The admission last month by the International Monetary Fund that it made major missteps in its handling of the Greek bailout program over the past three years naturally caused a furor but, at the same time, it left several key questions unanswered. One of the biggest mistakes made by officials at the Washington-based organization was that they failed to put pressure on the Greek government to implement the much-hyped structural reforms and an overhaul of the state sector.
Let’s go back to the closing months of 2011 for a moment. The government at the time had carried out the sweeping changes to the country’s social security system and imposed severe cuts on wages and pensions. Society was still relatively calm because recession and cuts had not yet pitted the people against the memorandum. The political class had not yet seen its credibility go up in smoke while voters still felt that their sacrifices may in fact pay off.
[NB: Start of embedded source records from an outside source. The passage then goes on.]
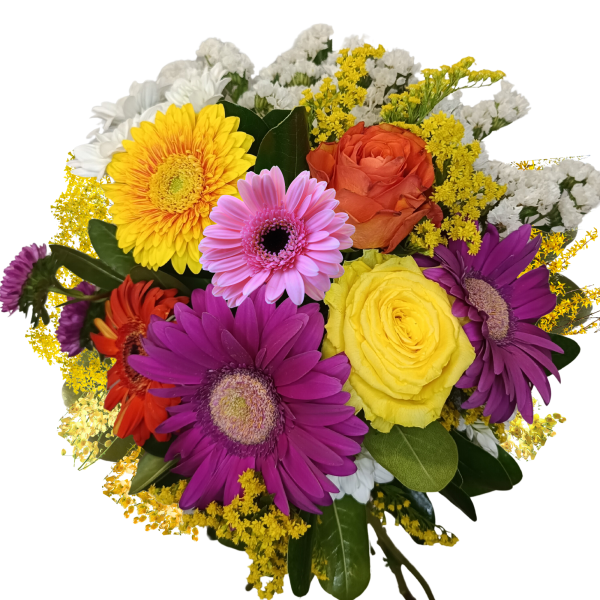 - Composizione floreale: Rose e gerbere multicolori, selezionate per freschezza e vivacità.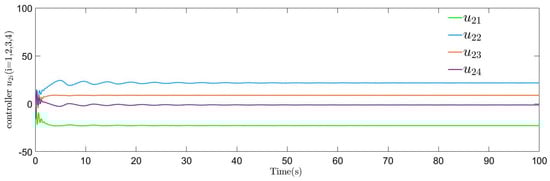 By MATLAB simulation, we can obtain the numerical curve of synchronization errors of system (27) with respect to the variables and . The curves of controller , estimated parameters , and estimated parameters are shown in Figure 7, Figure 8, Figure 9 and Figure 10, respectively.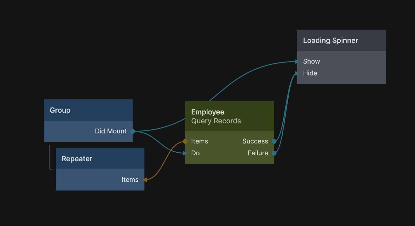 Above you can see a typical use case in combination with the Query Records node, trigger the Show signal when you start the request to the cloud services and then Hide when it finishes (remember to capture both successful and failed requests).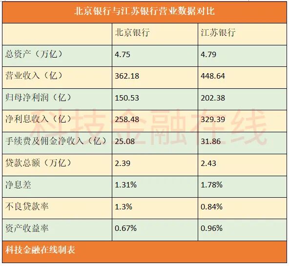 到2022年底,北京银行营收和净利润都被江苏银行反超。到2025年上半年,北京银行总资产规模也被江苏银行超过,彻底失去“城商行一哥”地位。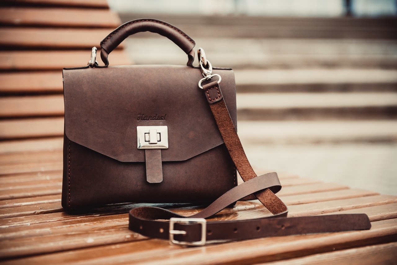 Сумка кожаная на застёжке с плечевым ремнём - 34006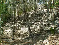 Zu kleinen Seitentempels auf dem zweiten Niveau führen jeweils einzelne Treppen hinauf. Alle anderen mindestens zehn Außentreppen sind nicht funktional, sondern weisen die Steilheit und die Vorwärtsneigung der Treppenstufen auf, die für den Chenes-Stil, aber noch ausgeprägter den Rio-Bec-Stil kennzeichnend sind. Auf diesen Stil verweisen auch die beiden von der Westseite zugänglichen rechteckig gewinkelten Innentreppen, die genau spiegelbildlich zueinander auf das zweite und dritte Niveau führen. Wie bei Maya-Bauten aus statischen Gründen erforderlich, springen die Stockwerke von unten nach oben jeweils um eine Raumbreite zurück.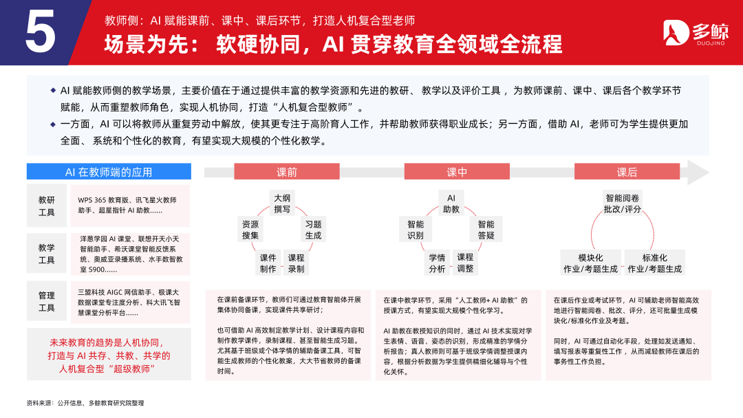 更广讲,满脚用户智顺应进修、智能硬件产物、个性化内容保举等诸多需求。也正在教育范畴掀起一场弘大而深刻的行业变化。基于通用大模子和垂类模子的夹杂模子能力,人工智能曾经正在校表里场景、分歧教育阶段进行了融合使用。从人才培育模式变化,因而市场款式也呈现出取教育从赛道不异的特征,从而沉塑教师脚色,估计 2030 年将达到近三千亿元,校外市场,迈入 AI 赋能教育阶段,实现办理取讲授的全流程智能化升级。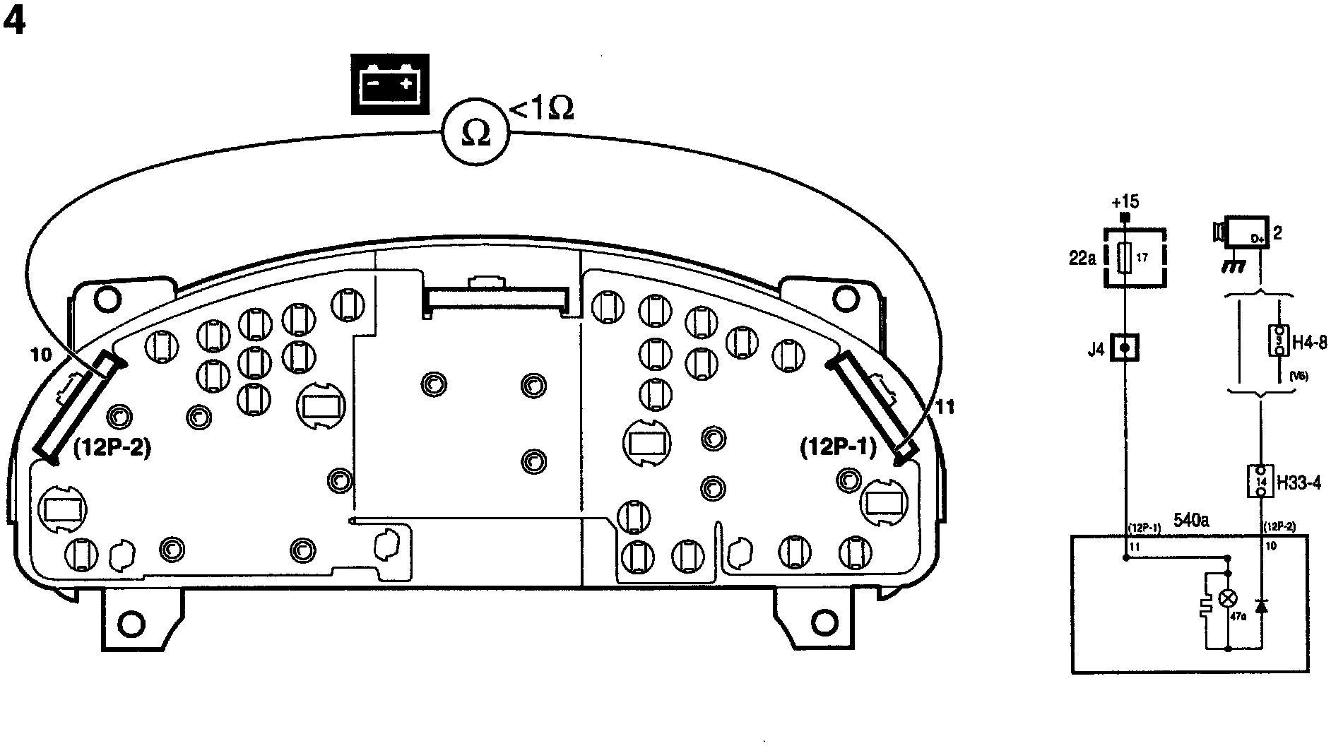4 Check the conductive foil on the rear of the main instrument display panel for an open circuit between the bulb's ground connection and the foil's corresponding connection to the connector.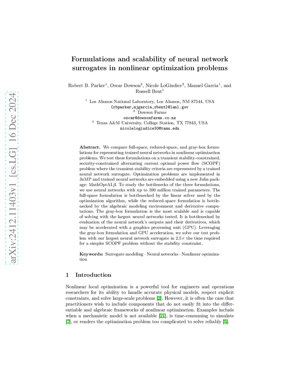 We compare full-space, reduced-space, and gray-box formulations for representing trained neural networks in nonlinear constrained optimization problems. We test these formulations on a transient stability-constrained, security-constrained alternating current optimal power flow (SCOPF) problem where the transient stability criteria are represented by a trained neural network surrogate. Optimization problems are implemented in JuMP and trained neural networks are embedded using a new Julia package: MathOptAI.jl. To study the bottlenecks of the three formulations, we use neural networks with up to 590 million trained parameters. The full-space formulation is bottlenecked by the linear solver used by the optimization algorithm, while the reduced-space formulation is bottlenecked by the algebraic modeling environment and derivative computations. The gray-box formulation is the most scalable and is capable of solving with the largest neural networks tested. It is bottlenecked by evaluation of the neural network's outputs and their derivatives, which may be accelerated with a graphics processing unit (GPU). Leveraging the gray-box formulation and GPU acceleration, we solve our test problem with our largest neural network surrogate in 2.5 the time required for a simpler SCOPF problem without the stability constraint.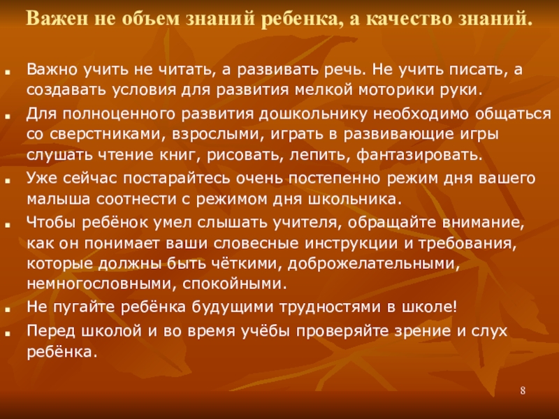 Слайд 8Важен не объем знаний ребенка, а качество знаний.

Those among us, however, who could see a little bit further down the road had seen that the socialist PASOK’s party old guard, together with the unionists and the core members of the administration, would seek to block any ambitious reform effort. Similarly, they would obstruct any campaign to reduce the state by scrapping useless organizations and redundant posts.
If the IMF had suspended the program at the time to put pressure on the administration of George Papandreou to liberalize closed professions and shape up the civil service, things today would be a lot different. Regrettably, Dominique Strauss-Kahn, who was chief of the IMF at the time, and other officials did not want to rock the boat. They were either afraid that doing so could be fatal for the Papandreou administration or because they were concerned about the stability of the other nations of the European south.
A lot could have been done back then, and at a much faster pace. Society still had greater room to maneuver and more patience. Meanwhile, the ruling party had a big parliamentary majority and the two-party system was very much alive. For his part, Papandreou would have had to face up to the grim reality and throw his weight behind one of the two factions of PASOK.
The troika chose to turn a blind eye and instead insist on bigger, horizontal cuts. The term reform has acquired negative connotations, Parliament is near boiling point and everything is much much harder.
At the end of the day, the troika was driven by political criteria when they should have adopted a colder, technocratic approach and vice versa.